Но тот, выхватив дудку
и держа её в тесных руках, как цеп,
когда ему шапку зубами стягиваешь,
пронзительно в неё свистнул.
И снова сплюнул.
Кудлан вскочил и зарычал,
а Маринка, поднявшись на колени,
аж затряслась:
— Отдайте, дядь, дудку,
чего вы прицепились! —
Сковорода её за руку: пусть!
Сидел в глубокой подавленности.
Не от этой дудки, нет.
Народ его ещё за пана считает.
Народ, из которого он сам.
...Тот, не сводя глаз со Сковороды,
злобно замахал руками
и кинулся весь —
будто к горлу!
О нет (над ними как раз туча и тень),
будто к глазам!
О нет (над ними как раз тень и шум),
и вдруг —
х-хвать! над головой.
Скрутил за его шею, хрустнул, оторвал,—
и уже желтоязыкий подсолнух тут,
а несчастная подсолнухина,
метнувшись несколько раз оборванным горлом,
замерла в пустоте, остановилась...
— Вот так сделаю я и с панами!
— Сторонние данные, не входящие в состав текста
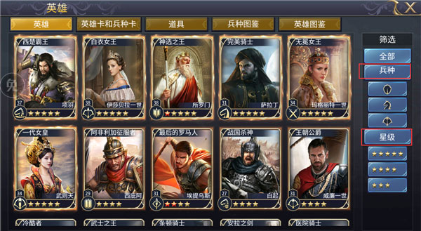 征战全球,麾下又怎少得了智者强将?在英雄之城2手游中,玩家将从“酒馆”中招募到英雄,他们也将在“英雄”系统界面中展示出来。在这里,我们可以深入挖掘麾下帝王、传奇英雄的专长,详细了解各自天赋、技能属性、搭配兵种,从而组建王牌之师。1、主界面下方菜单栏,点击“英雄”即可进入英雄列表页。页面中,按兵种、星级归类,一目了然查看自身拥有的全部英雄。
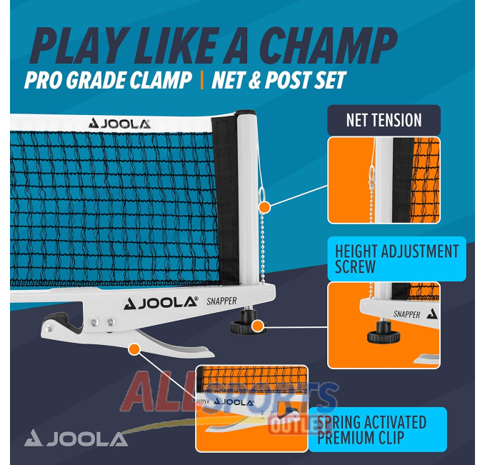 The JOOLA Snapper Professional Table Tennis Net and Post Set offers easy setup with spring-activated clamps. Portable and designed for 72″ regulation size tables. Durable silver net for high-performance play. Ideal for casual and competitive players.
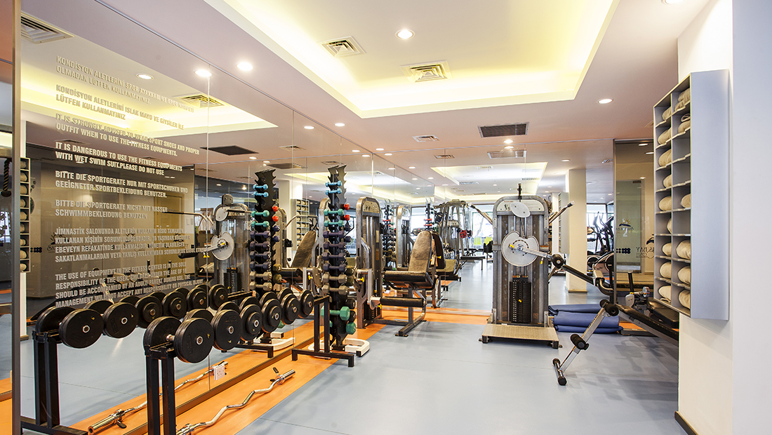 Ayrıca bu merkezde fitness salonu da sağlıklı bir tatil için hizmet vermektedir.
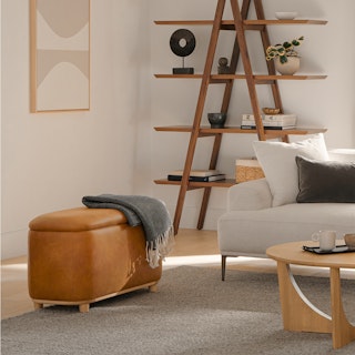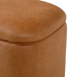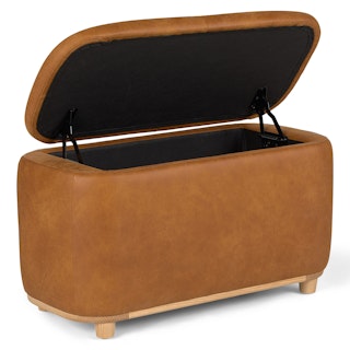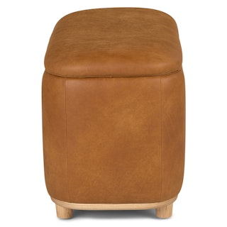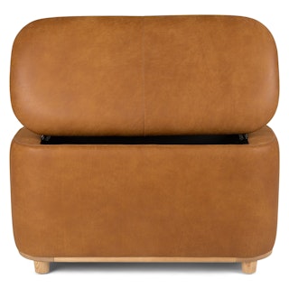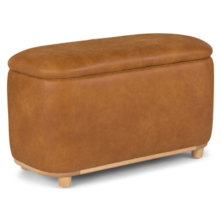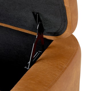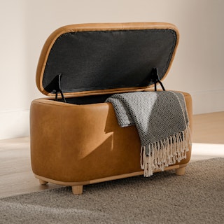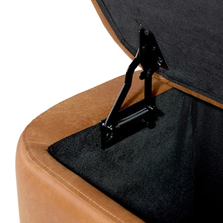 Holds your feet and your stuff. With its soft-close lid and ample storage space, the Maribo Ottoman is a stylish double-threat. Its soft, suede-like leather upholstery doesn't hurt either.
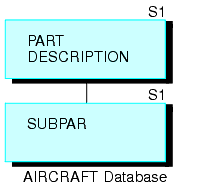 The data source must record each part, the part description, and the smaller parts composing the part. Some parts, such as nuts and bolts, are common throughout the aircraft. If you design a three-segment structure, one segment for each level of parts, descriptions of common parts are repeated in every place they are used.
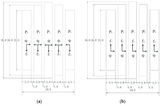 A 100 kN two-wheel axle load was applied as the vehicle load, and a single wheel was simplified as a three-dimensional non-uniform semi-sinusoidal load, as shown in Figure 3 [,,,]. Pi (i = 1, 2, 3) was the compressive stress on each wheel path that ran parallel to the normal direction of the pavement. qi (i = 1, 2, 3) was the transverse horizontal force perpendicular to the normal direction of the road, and fi (i=1, 2, 3) was the frictional force opposite to the driving direction on each wheel path.
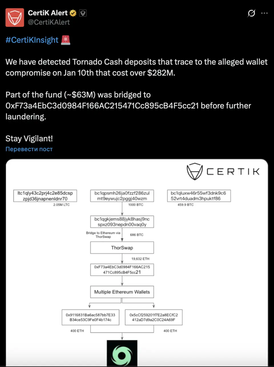 Генеральный директор специализирующейся на блокчейн-безопасности компании FearsOff Марван Хэчем (Marwan Hachem) уточнил: это типичная для крупномасштабного отмывания средств схема, особенно при кросс‑чейн кражах с участием BTC и LTC. По его словам, использование децентрализованной биржи THORswap для конвертации биткоинов в эфир и последующее дробление средств на порции перед отправкой в миксер — классический подход.
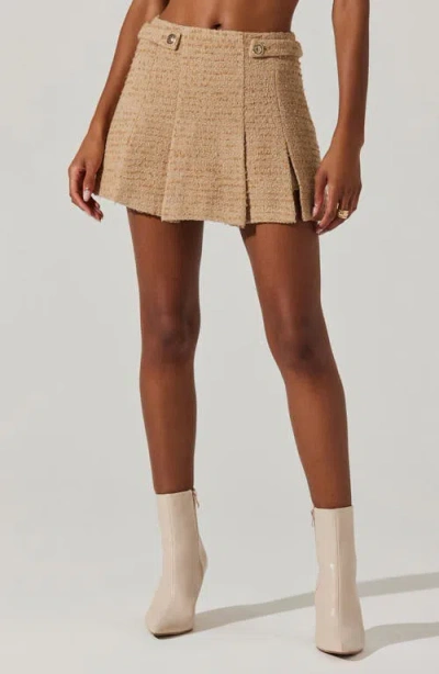 The Label Bronwyn Pleated Tweed Miniskort In Camel
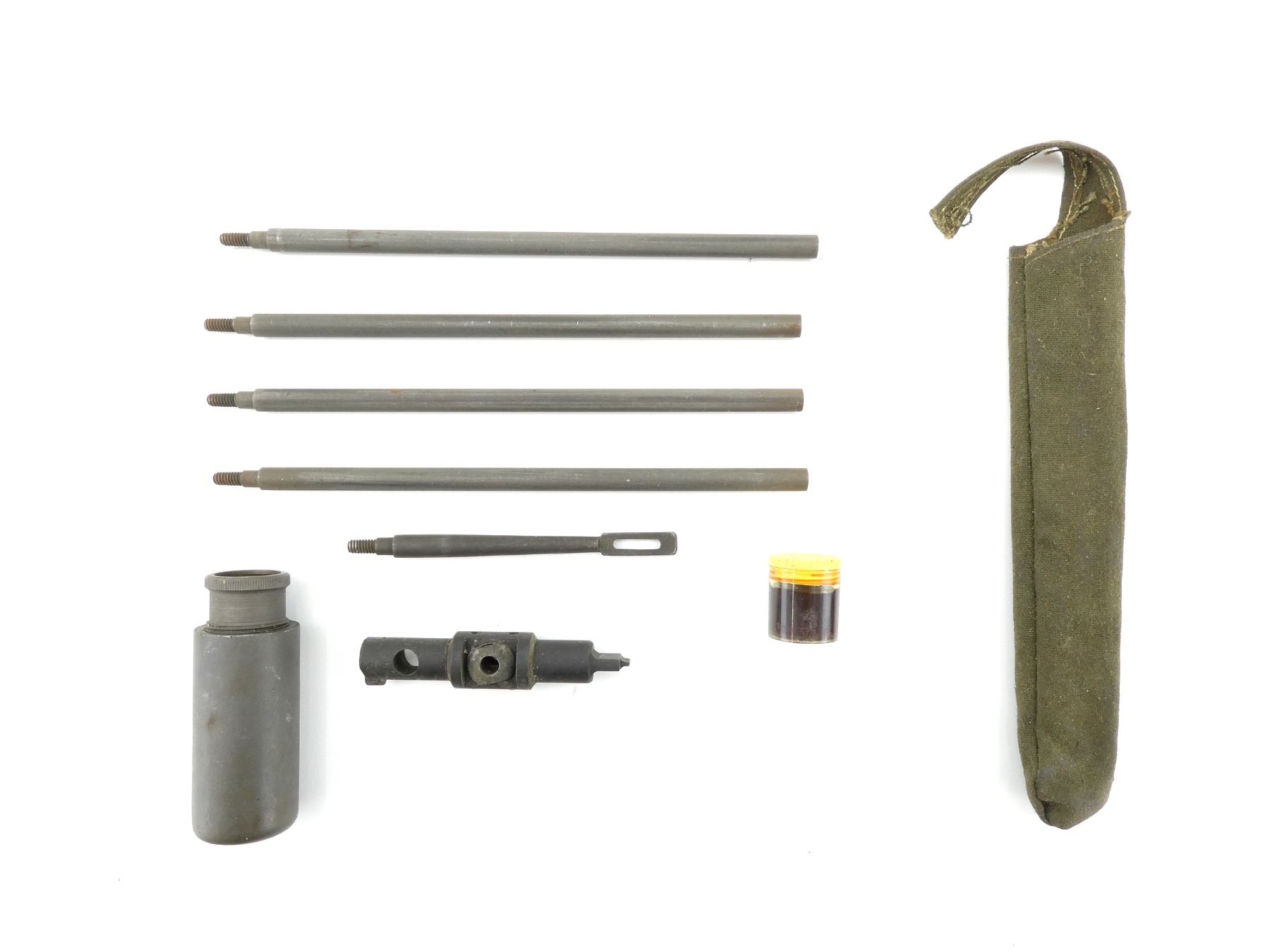 LOT INCLUDES; (1) CLEANING KIT WITH 5-PIECE CLEANING ROD, GREASE POT, (1) M1 GARAND COMBO TOOL & (1) HANDLE FOR 5-PIECE CLEANING ROD. SEE PHOTOS.

Слышишь? —
Сковорода — голосом: — Хорошо,—
протянул.
— Так ты не "хорошо", а и сам, брат,
не сиди.—
Сковорода: — Говорю тебе — хорошо.—
Толпа засмеялась.
Маринка губу прикусила
и кинула комком в ягнёнка,
что от отары аж сюда прибился.
— Дед! Заворачивайте отару! Я сейчас иду-у! —
И снова тишина.
Суслик перебежал стерню.
А на далёких облаках
бесстыдная радуга раскрылась.
Уперевшись ножками в поршни мира,
назад она на руки перекинулась
и, так легко дугой выгнувшись,
как мост, выгнувшись передом к лазури,
голая дрожала.
Будто и не смотрит,
а хитрая улыбка её вздёрнутая
на самых кончиках удивлённых грудей
выпуклых
танцует, танцует,
мягко передаётся на живот
и там где-то исчезает
в тускло-фиалковом,
в чёрном треугольнике...
Глянул Сковорода на радугу:
полукруг.
В Днепре отразился и дрожит.
И образовал завершённую форму —
круг.
Обрадовалась радуге Маринка
и, протянув руки, побежала,
но, не достав,
цветами в неё кидать начала
и пританцовывать:
— Ой ловкое же какое, ой какое же милое!
Радуга, знаешь, кто ты такая?
Ты...-
И заплакала от нежности.
Сковорода: — Ах ты, глупая, глупая...—
Глянул и сам Сковорода:
круг, совершенная форма,—
и слилось это в голосе
со светлым будущим.
...А ей из ближних туч
на самую головку и за шею
упало три капли.
Упало три холодные капли,
аж плечики горбато вздрогнули...
...Стояла на стерне.
Вся красная, с глазами серыми, с беззаботным
носиком,
с коралловым ожерельем...
Уже ветер поднимался
и слегка надувал ей пазуху,
что кверху поднималась.
А юбочку на ногах
так шаловливо обдувал,
что западала она в лоно;
обдувал и даже назад заносил,
ровные, в подколенках кривенькие,
ноги открывая на миг, как книгу...
Гордый Нос
сплюнул сквозь зубы
и медленно поднялся: пора!
Толпа: а что ж, пойдём?
И начали привязывать сумы.
Но Нос почему-то снова сел!
Ногтем слегка почесал свои потрескавшиеся ноги,
оторвал где-то бусину на лохмотьях сзади
и так ясно признался Сковороде:
— Вот я с тобой и пошутил.
Вот ты молчишь.
А чувствуется, что ты нам не чужой.
Ну что делать, скажи, ну что?
Глянь:
не едут ли чумаки из Крыма?
не бегут ли купцы через Умань из Польши?
Напрасно и кликать.
Закрыты все кордоны, закрыты.
Потому и Сечь гудит, если не из-за этого?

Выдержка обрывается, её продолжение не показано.